Running the Benchmark

To run the benchmark with the generated data set, simply use the trtllm-bench throughput subcommand. The benchmarker will run an offline maximum throughput scenario such that all requests are queued in rapid succession. You simply need to provide a model name (HuggingFace reference or path to a local model), a generated dataset, and a file containing any desired extra options to the LLMApi (details in tensorrt_llm/llmapi/llm_args.py:LlmArgs).

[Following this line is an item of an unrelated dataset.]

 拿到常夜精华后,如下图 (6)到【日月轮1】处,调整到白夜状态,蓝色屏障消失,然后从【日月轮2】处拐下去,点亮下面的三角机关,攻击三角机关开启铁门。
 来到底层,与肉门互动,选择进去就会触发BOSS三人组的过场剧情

For dense / non-MoE models:

trtllm-bench --tp $tp_size --pp $pp_size --model $model_name throughput --dataset $dataset_file --backend pytorch --extra_llm_api_options $llm_options

llm_options.yml

cuda_graph_config:
  enable_padding: true
  batch_sizes:
    - 1
    - 2
    - 4
    - 8
    - 16
    - 32
    - 64
    - 128
    - 256
    - 384
    - 512
    - 1024
    - 2048
    - 4096
    - 8192

For MoE models:

trtllm-bench --tp $tp_size --pp $pp_size --ep $ep_size --model $model_name throughput --dataset $dataset_file --backend pytorch --extra_llm_api_options $llm_options

llm_options.yml

enable_attention_dp: true
cuda_graph_config:
  enable_padding: true
  batch_sizes:
    - 1
    - 2
    - 4
    - 8
    - 16
    - 32
    - 64
    - 128
    - 256
    - 384
    - 512
    - 1024
    - 2048
    - 4096
    - 8192

In many cases, we also use a higher KV cache percentage by setting --kv_cache_free_gpu_mem_fraction 0.95 in the benchmark command. This allows us to obtain better performance than the default setting of 0.90. We fall back to 0.90 or lower if out-of-memory errors are encountered.

The results will be printed to the terminal upon benchmark completion. For example,

===========================================================
= PERFORMANCE OVERVIEW
===========================================================
Request Throughput (req/sec):                     43.2089
Total Output Throughput (tokens/sec):             5530.7382
Per User Output Throughput (tokens/sec/user):     2.0563
Per GPU Output Throughput (tokens/sec/gpu):       5530.7382
Total Token Throughput (tokens/sec):              94022.5497
Total Latency (ms):                               115716.9214
Average request latency (ms):                     75903.4456
Per User Output Speed [1/TPOT] (tokens/sec/user): 5.4656
Average time-to-first-token [TTFT] (ms):          52667.0339
Average time-per-output-token [TPOT] (ms):        182.9639

-- Per-Request Time-per-Output-Token [TPOT] Breakdown (ms)

[TPOT] MINIMUM: 32.8005
[TPOT] MAXIMUM: 208.4667
[TPOT] AVERAGE: 182.9639
[TPOT] P50    : 204.0463
[TPOT] P90    : 206.3863
[TPOT] P95    : 206.5064
[TPOT] P99    : 206.5821

-- Per-Request Time-to-First-Token [TTFT] Breakdown (ms)

[TTFT] MINIMUM: 3914.7621
[TTFT] MAXIMUM: 107501.2487
[TTFT] AVERAGE: 52667.0339
[TTFT] P50    : 52269.7072
[TTFT] P90    : 96583.7187
[TTFT] P95    : 101978.4566
[TTFT] P99    : 106563.4497

-- Request Latency Breakdown (ms) -----------------------

[Latency] P50    : 78509.2102
[Latency] P90    : 110804.0017
[Latency] P95    : 111302.9101
[Latency] P99    : 111618.2158
[Latency] MINIMUM: 24189.0838
[Latency] MAXIMUM: 111668.0964
[Latency] AVERAGE: 75903.4456

[!WARNING] In some cases, the benchmarker may not print anything at all. This behavior usually means that the benchmark has hit an out of memory issue. Try reducing the KV cache percentage using the --kv_cache_free_gpu_mem_fraction option to lower the percentage of used memory.